The reality of war was so much worse than she had expected. Her training as an auxiliary had been brief and perfunctory. She and her friends had joked about it. Bed pans and bottoms. Men seeking a fumble. Men, in fact, in every aspect of their masculinity.
But not actually men dying, or worse, men fighting to live. Not actually blood, and guts, and screams of torment. Not actually seeing, hearing, smelling, experiencing masculinity for sixteen hours out of every twenty-four. Now they went about their duties mechanically. Joan dreamed of a hot bath and washing her hair. She wanted that more than anything else in the world.
And now there was no time for bedpans. The casualties were coming in too fast for the regular staff to cope with, and even the auxiliary nurses had to assist at operations, while the supplies of anaesthetic and even antiseptic dwindled, and more and more men had to be treated without the benefit of either. They moaned, and cursed, and stared at her breasts with longing eyes. They were Indians as well as Caucasians. They were men. And they were dying.
The nurses were allowed ten minutes every second hour. Joan sat on the ground in the warm December sunshine for a cup of coffee with her closest friend, Betty Lincoln. Betty was physically in the strongest contrast, small and dark, but full of vivacity. Or she had been full of vivacity, last week. Now she gave Joan a cigarette. Joan hadn’t smoked, down to last week. Now it seemed the most natural thing in the world.
‘The sergeant told me the relief will be here tomorrow,’ Betty said.
‘What relief?’ Joan asked.
‘Oh, the Navy, I suppose.’
‘Oh, if the Navy would come.’ Clive was in the Navy. He served on Prince of Wales. To see that magnificent ship steaming up from the south would make it all worthwhile. ‘I’ll believe it when I see it,’ she said, and raised her head to look at her husband.
John Grimmett had lost his cap, and hi
s white tropical uniform was blackened with smoke and dirt; one stocking had slipped down round his ankle; Joan had never seen him looking other than trim and smart.

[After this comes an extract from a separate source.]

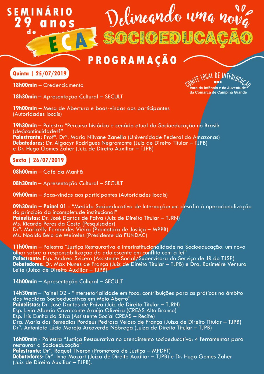 “29 anos do ECA: delineando uma nova Socioeducação”. Esse é o tema do Seminário que acontecerá na próxima semana (dias 25 e 26) em Campina Grande. O evento é organizado pela Vara da Infância e Juventude de Campina Grande, por meio do Comitê Local de Interlocução (CLI), em parceria com a Rede Municipal. Discutirá os avanços do Estatuto da Criança e do Adolescente (ECA), nos últimos 29 anos, abordando o aspecto da socioeducação. As palestras serão ministradas na Uninassau.
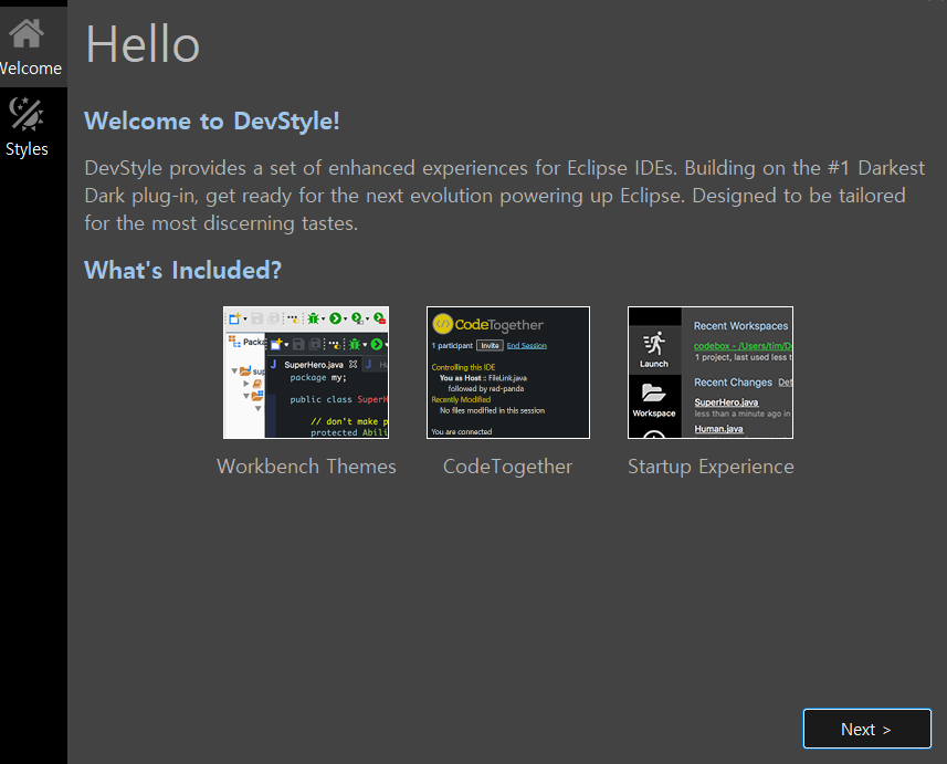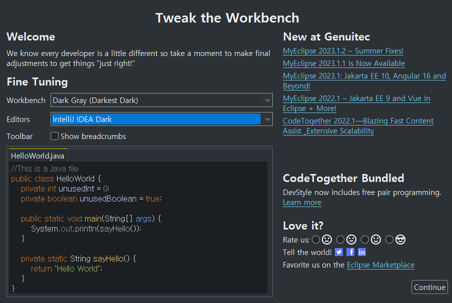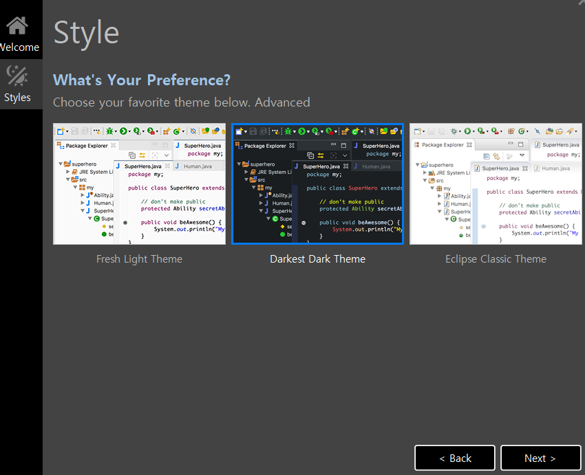 재실행하고 나면 에디터 테마 선택하는 창이 나온다.

‘Johnnie!’ she shouted, and was in his arms. ‘Oh, Johnnie.’ She held herself away. ‘I’m sorry, I must stink like a drain.’
‘Join the club. Joan … his shoulders sagged. ‘Prince of Wales has been sunk.’
She stared at him, listened to a gulp from Betty.
‘So has Repulse,’ John said. ‘They were caught by Japanese bombers, without air cover, only a few miles north of Singapore.’
‘Oh, God,’ Joan said. ‘Oh, God. Were there … I mean … ‘
‘There’s no word, yet. But over two thousand men were rescued by the destroyers. Clive is sure to have been amongst them.’
‘Yes,’ she said. ‘Yes. Thanks for coming over to tell me.’ Grimmett looked even more distressed than before. ‘I didn’t come just to tell you,’ he said. ‘We’ve abandoned the mainland.’
Once again she stared at him.
‘We just can’t hold them. We’ve got to try to hold the island.’
‘Can we?’ Betty asked.
‘It’s not very likely, without assistance.’
‘And there’s no hope of relief?’
‘No,’ he said. ‘None at all. I came to say … ‘ he licked his lips. ‘We’ll fight as long as possible. Orders from London. No surrender. I may not see you again.’